Suppose we have an action $S$ that depends on two fields: an antisymmetric tensor field $T_{\mu \nu}$ and the spacetime metric $g_{\mu \nu}$. Now we vary the action to obtain the equations of motion:

$$ \delta S = \int \left[ \frac{\delta S}{\delta g_{\mu \nu}}\delta g_{\mu \nu} +\frac{\delta S}{\delta T_{\mu \nu}}\delta T_{\mu \nu} \right] d^D x . \tag{1} $$

I know that, due to the symmetry and antisymmetry of $g_{\mu \nu}$ and $T_{\mu \nu}$ respectively, the equations of motion should be symmetrized/antisymmetrized properly:

$$ \frac{\delta S}{\delta g_{(\mu \nu)}}=0 , \qquad \frac{\delta S}{\delta T_{[\mu \nu]}}=0 \tag{2} $$

But I don't see these symmetrizations (in books, articles, etc.) explicitly. I have always believed that the objects $\frac{\delta S}{\delta g_{\mu \nu}} $ and $\frac{\delta S}{\delta T_{\mu \nu}}$ do not have any particular (explicit) symmetry, and the symmetrizations in the equations of motion come from the $\delta g_{\mu \nu}$ and the $\delta T_{\mu \nu}$ that are multiplying in the variation. Am I wrong? (Question 1)

Suppose that for some reason I prefer $T_\mu {}^\nu$ to be the "fundamental" field. Then,

$$ \delta S = \int \left[ \frac{\delta S}{\delta g_{\mu \nu}}\delta g_{\mu \nu} +\frac{\delta S}{\delta T_\mu {}^\nu}\delta T_\mu {}^\nu \right] d^D x . \tag{3} $$

The antisymmetrization in the second term of $(3)$ is not explicit now.
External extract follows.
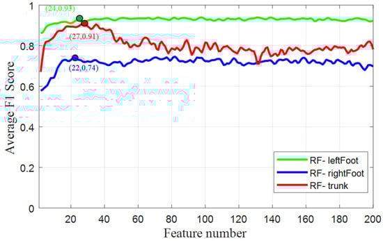 Using the average F1 score across all posture classes from each body part as a metric, the best combination of pressure features for each RF classifier was determined. Figure 6 shows that the classifier RF-trunk achieved the highest prediction accuracy (91%) when only 27 important features were used, and the accuracy was notably compromised when more than 40 features were involved. The prediction accuracy of RF-leftFoot plateaued (93%) at around 24 important features and remained stable thereafter. For classifier RF-rightFoot, the potential best accuracy (around 74%) was first approached when 22 important features were selected. Note that the use of more features did not necessarily improve posture recognition scores. The selected important features are given in Table S2 (Supplementary Materials).

The indices of $T$ are one up and the other down and I cannot do things like:

$$ \frac{\delta S}{\delta T_\mu {}^\nu}\delta T_\mu {}^\nu = \frac{\delta S}{\delta T_{\mu \rho} } g_{\rho \nu} \delta T_\mu {}^\nu, \tag{4}$$

$$ \frac{\delta S}{\delta T_\mu {}^\nu} \delta (g^{\rho \nu} T_{\mu \rho}) = \frac{\delta S}{\delta T_\mu {}^\nu} g^{\rho \nu} \delta T_{\mu \rho} , \tag{5}$$

Because: in $(4)$ this metric would have to be affected by partial derivatives that are within the variation $\frac{\delta S}{\delta T_\mu {}^\nu}$; and, in $(5)$, we are forgetting a term ~$\delta g^{\rho \nu}$. Correct me if I am wrong (Question 2).
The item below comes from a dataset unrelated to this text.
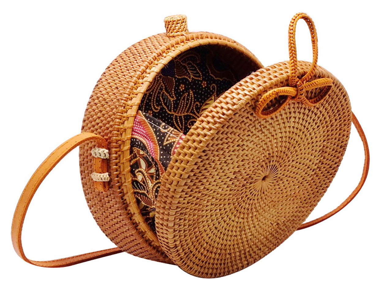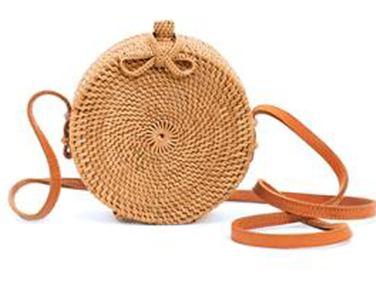 Handwoven Natural Round Rattan Straw Handbag Purse Crossbody Bag

I think I should use the constraint:

$$ T_\mu {}^\nu = - T^\nu{} _\mu = - g^{\nu \rho} g_{\mu \tau} T_\rho {}^\tau .\tag{6}$$

But I do not know how. The confusing fact for me is that it depends on the other field, the metric. Any ideas? (Question 3)

Thanks!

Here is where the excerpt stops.